A book is a metaphor for the life of its writer. As it stands on the bookshelf, its contents are private, hidden - just as the writer spends months, years even, hidden away in the dark womb of her writing.
Later, if you're really lucky, there's a cover. Instant visibility. Here I am, the cover shouts or whispers or giggles or cries. See me. Buy me. Read me. Once the book moves from manuscript to bound copy, it - and its writer - become public property. Just as we all need our daily half hour of sunlight, so too does each book need its time in the sun.
The whole process is like those little weatherhouses where one character swings out when the sun shines and another when it rains. Just as sun follows rain, so does a published writer creep out for his time in the sun - his 'shine time' as Victoria Moran, author of Creating A Charmed Life, calls it. Shine time ranges from the moment the author sees her book on the Waterstones shelf to receiving reviews, giving signings and interviews, readings and workshops. All of which may send her scurrying gratefully back to the privacy of her study to begin the next book.
But what of the unpublished writer? How do we get our much-needed time in the sun? Those precious moments when our work is read and received? An art tutor once told me that she considered the most important thing about a tutorial was having your work witnessed. We all need, she said, to be seen. And I believe we do.
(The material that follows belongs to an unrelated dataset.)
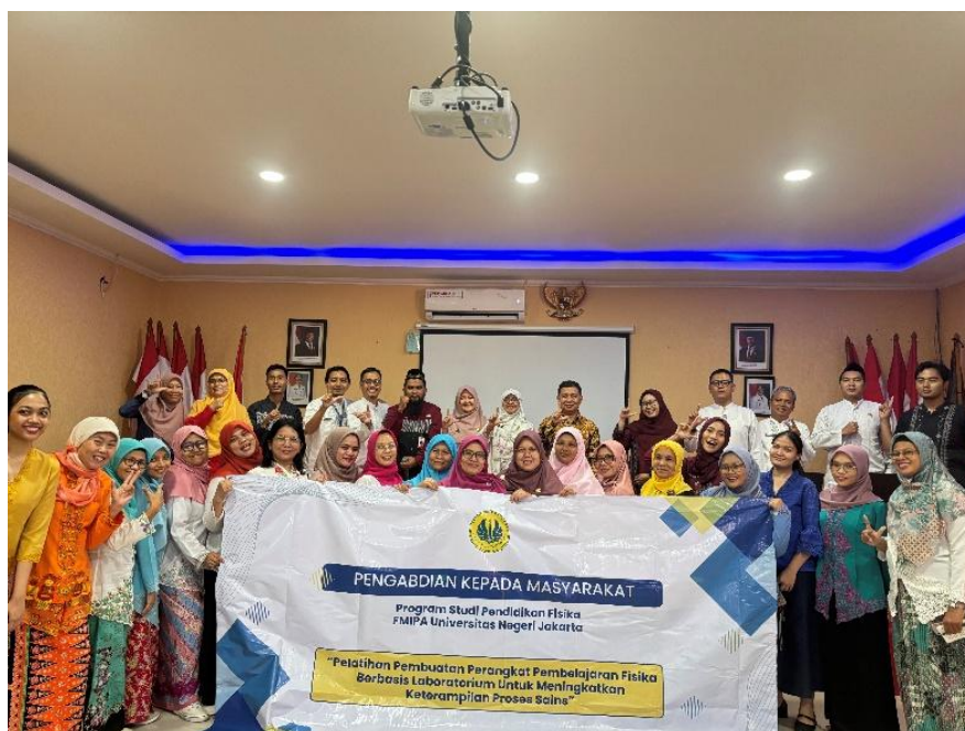
GAMBAR 4. Dokumentasi Kegiatan Pelatihan

Kegiatan diakhiri dengan sesi refleksi dan pengumpulan umpan balik melalui formulir umpan balik. Umpan balik diberikan melalui layanan digital Google Form yang dibagikan setelah kegiatan materi telah selesai dilakukan. Hasil umpan balik dapat dilihat pada TABEL 1.

It happens all the time in 'real' life: the privacy of the relationship comes into the spotlight during the engagement, the wedding, the anniversaries; the hours spent by the runner pounding the pavements in training are made visible and honoured during the marathon. The silent hours at the easel are exalted at the exhibition.
We aspiring authors are like moles. Toiling away in the dark, we become almost blind to the sunlight. Yet we crave our 'shine time' just like everyone else. And so we join writer's groups, pay for critiques, enter competitions, read at local slams and submit our work to agents and publishers.
Perhaps you are happy to labour in the dark for ever. Some people choose never to marry, never to race, never to exhibit. Yet I suspect that somewhere in your life you're filling up with shine time on a regular basis: singing in a choir; dressing up for a party; winning the parents' egg-and-spoon race on sports day. Because we all need to be witnessed and applauded from time to time. As Moran writes:
'Nobody is in the spotlight nonstop. Accept that you will shine, step back, then shine again. The moon has phases from dark to full. So do we. We're fully valuable throughout the cycle. At certain times, we just attract more attention.'
So this is just a reminder to consider your shine time and to build it into your writing life in whatever way is right for you - which may be nothing, outwardly, to do with writing.
I find that a daily walk in the sun does it for me. Where do you shine?